This case arose from the following facts. Dennis and Lorie Nixon,
Appellants, were the parents of the victim, Shannon Nixon. Shannon
Nixon was sixteen years old at the time of her death. In mid-June
1997, it became obvious to Appellants that Shannon was not feeling
well. Appellants began to pray for their daughter's health. They also
took her to their place of worship where Shannon was "anointed". [FN1]
Shannon initially reported feeling somewhat better, but then her
condition deteriorated. She became increasingly weak and fell into a
coma. After a few hours in a comatose state, Shannon Nixon died. An
autopsy determined that Shannon died from diabetes acidosis, which was
a treatable, though not curable, condition.
FN1. Appellants and their children were members of the
Faith Tabernacle Church, a religion in which illnesses are addressed
through spiritual treatment rather than by medicine.

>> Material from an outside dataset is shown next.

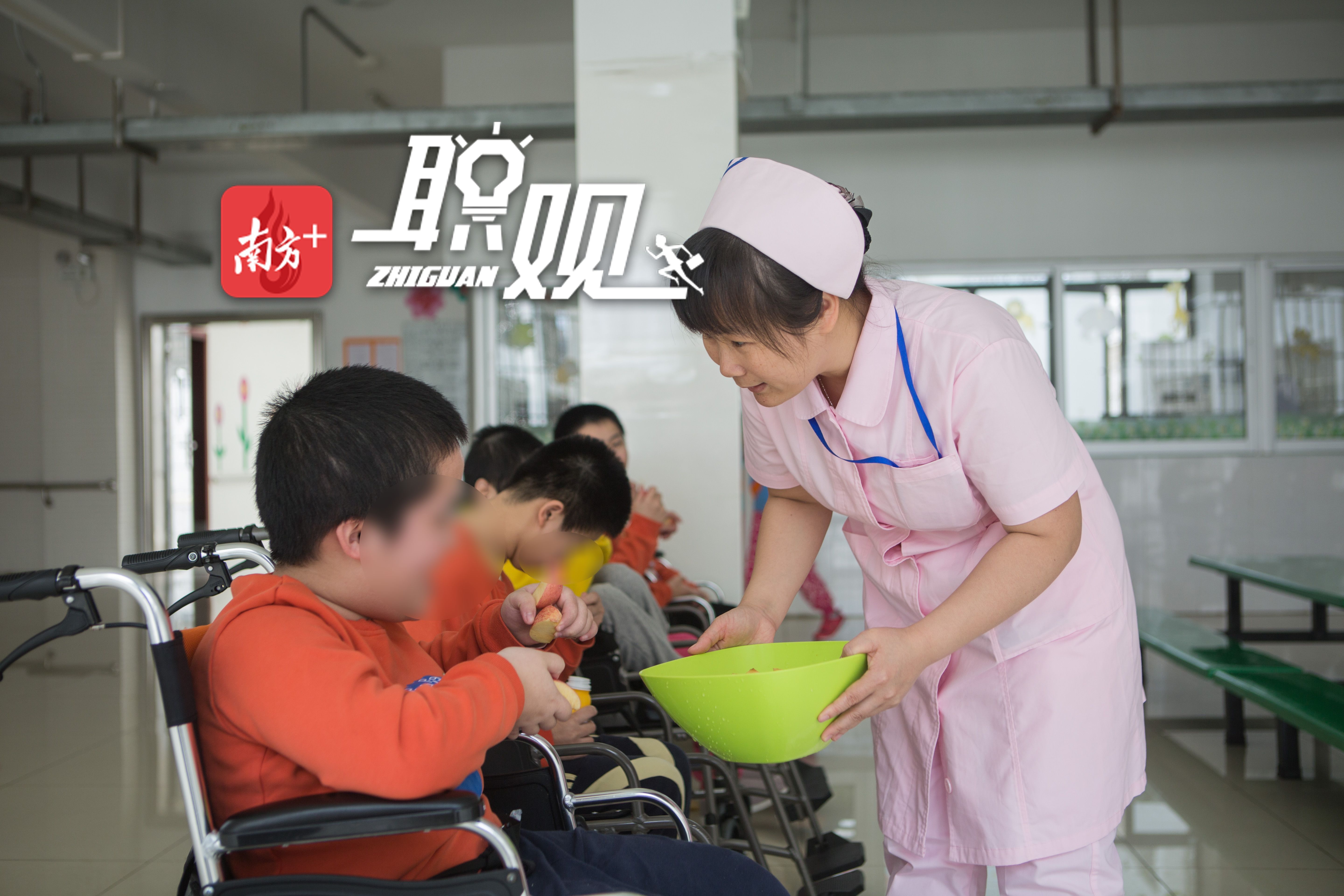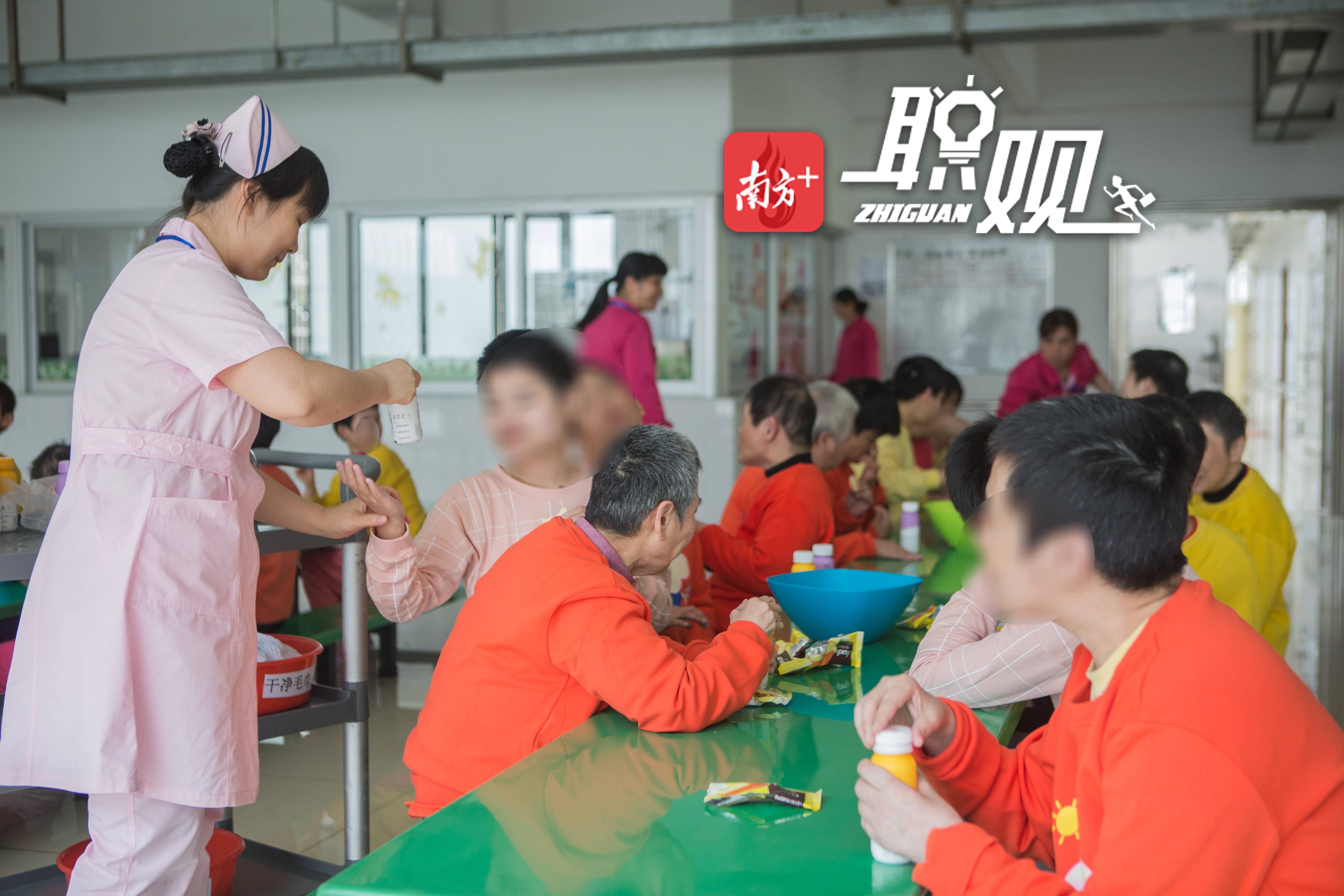 早上6点多起床,从白云区的家中赶到位于萝岗的福利院,和晚班护理员交接后,开始一天的工作。

Appellants were convicted of involuntary manslaughter, 18 Pa.C.S. § 2504, and also of endangering the welfare of a child under 18 Pa.C.S. § 4304. These statutes respectively state:
Involuntary manslaughter
(a) General rule.--A
person is guilty of involuntary manslaughter when as a direct result of
the doing of an unlawful act in a reckless or grossly negligent manner,
or the doing of a lawful act in a reckless or grossly negligent manner,
he causes the death of another person.
Endangering welfare of children
(a) Offense defined.--A parent, guardian, or other person
supervising the welfare of a child under 18 years of age commits an
offense if he knowingly endangers the welfare of the child by
violating a duty of care, protection or support.
Appellants'
first argument is that we should adopt a "mature minor doctrine" and
allow Appellants to assert such doctrine as an affirmative defense to
the endangering welfare of children charge. If the affirmative duty
created by 18 Pa.C.S. § 4304 was removed from Appellants, then it
follows that the involuntary manslaughter conviction would also
fall. This is because the Commonwealth used § 4304 to show an
unlawful act, one of the alternative prerequisites to § 2504.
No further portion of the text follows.